Written by
Kristine Lloyd, Princeton Laboratory for Artificial Intelligence
May 1, 2025

As the scaling of existing data becomes increasingly unsustainable, researchers must find algorithmic innovations to “bend” scaling laws and continue the rapid advancement of large language models, Yejin Choi said as part of the Princeton Laboratory for Artificial Intelligence’s ongoing Distinguished Lecture Series.

“It might be that the era of brute force scaling is over, and the era of smart scaling begins,” she said. “Therefore, we can now do what computer science is all about, which is algorithms.”

The AI Lab’s Distinguished Lecture Series aims to bring scholars to campus whose research demonstrates the transformative impact AI could have across disciplines. The final Distinguished Lecture of the semester will be held Friday, May 2, featuring DeepMind Vice President for Research Pushmeet Kohli.

Choi, an incoming professor of computer science at Stanford University, was named among the Time100 Most Influential People in AI, and in 2022 received the prestigious MacArthur Foundation award commonly called the “genius grant.” 

“She is one of the brightest stars of AI and language models,” said Sanjeev Arora, director of Princeton Language and Intelligence, which hosted the event. 

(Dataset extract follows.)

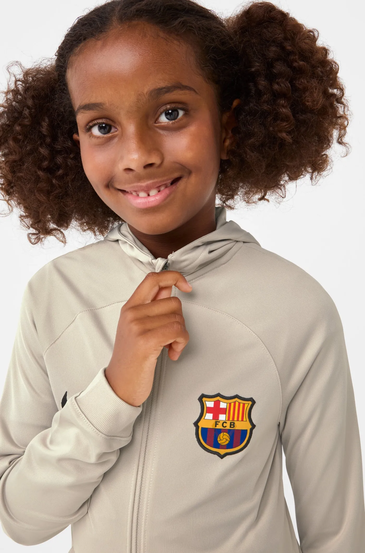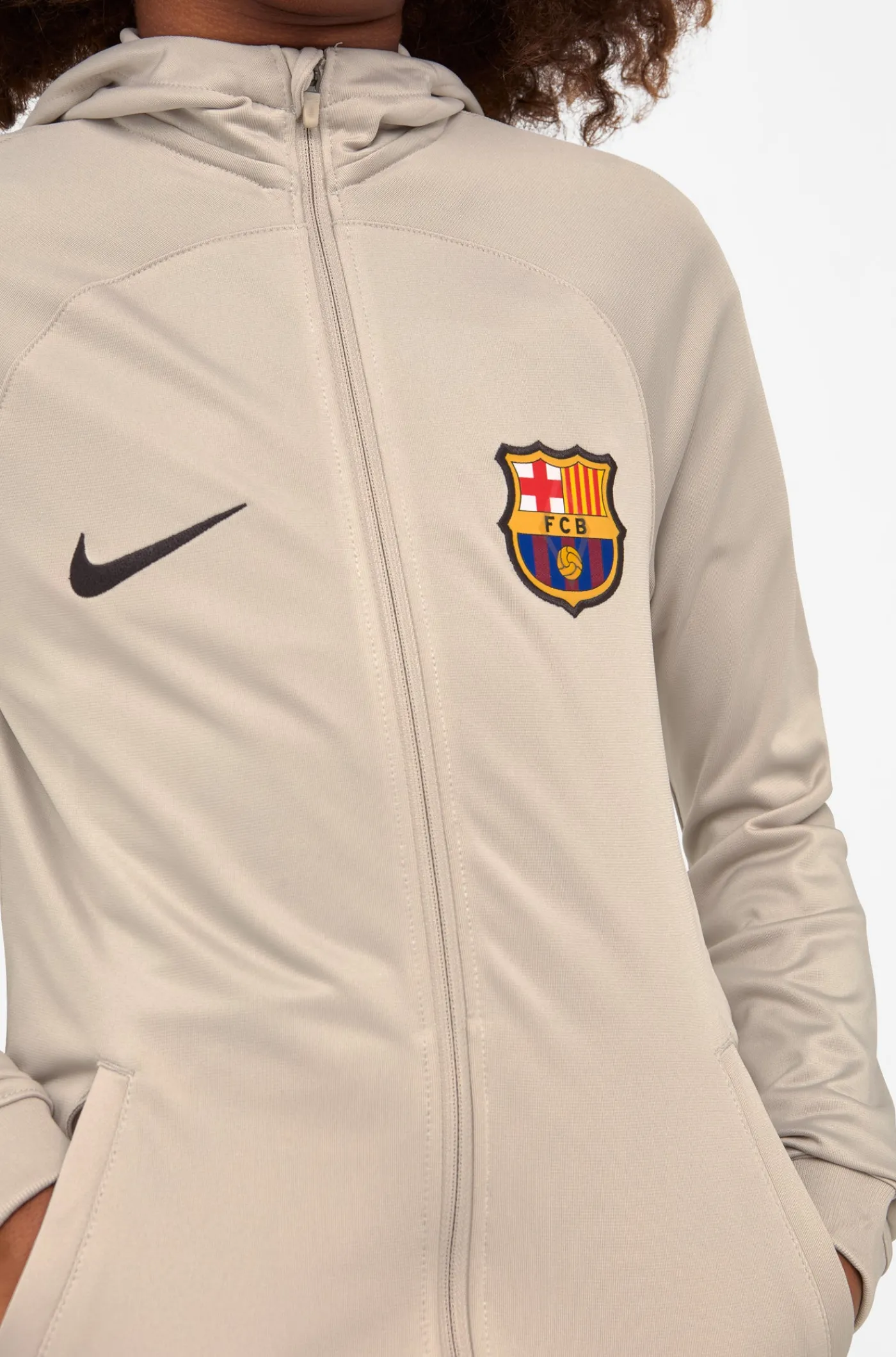 Chándal de entrenamiento para niños/as de 6 a 14 años con el parche del escudo del FC Barcelona y el logo de Nike bordado a contraste. Tecnología Dri-FIT de Nike. Chaqueta con capucha y cuello alto. Cierre con cremallera. Bolsillos delanteros con cremallera. Pantalón largo con cintura elástica con cordones en su interior. Bajos con cremallera. Color: beige y verde.

Earlier in her career, she was a professor of computer science at the University of Washington, where she was also an adjunct in the linguistics department, and affiliate of the Center for Statistics and Social Sciences. She earned her Ph.D. from Cornell University.

The Distinguished Lecture, held April 11 in the Friend Center, was based on Choi’s new research from her time as a senior director at Nvidia, she said. She agrees with other prominent researchers who believe that retraining, the process of updating a large language model by training it again with a new dataset, will soon no longer be useful. 

“We humans are not writing internet data fast enough for [large language models] to train more,” Choi said. “So how do we cope with this situation?”

In her talk, Choi described recent research into methods for enhancing synthetic data, symbolic search algorithms for test-time reasoning, test-time training that enhances learning even during testing, and a new tokenization algorithm for better and faster inference.

“In the end, I think the scaling of intelligence will continue, but we as a community, I hope, will do it in a more, exciting, smart way,” Choi said.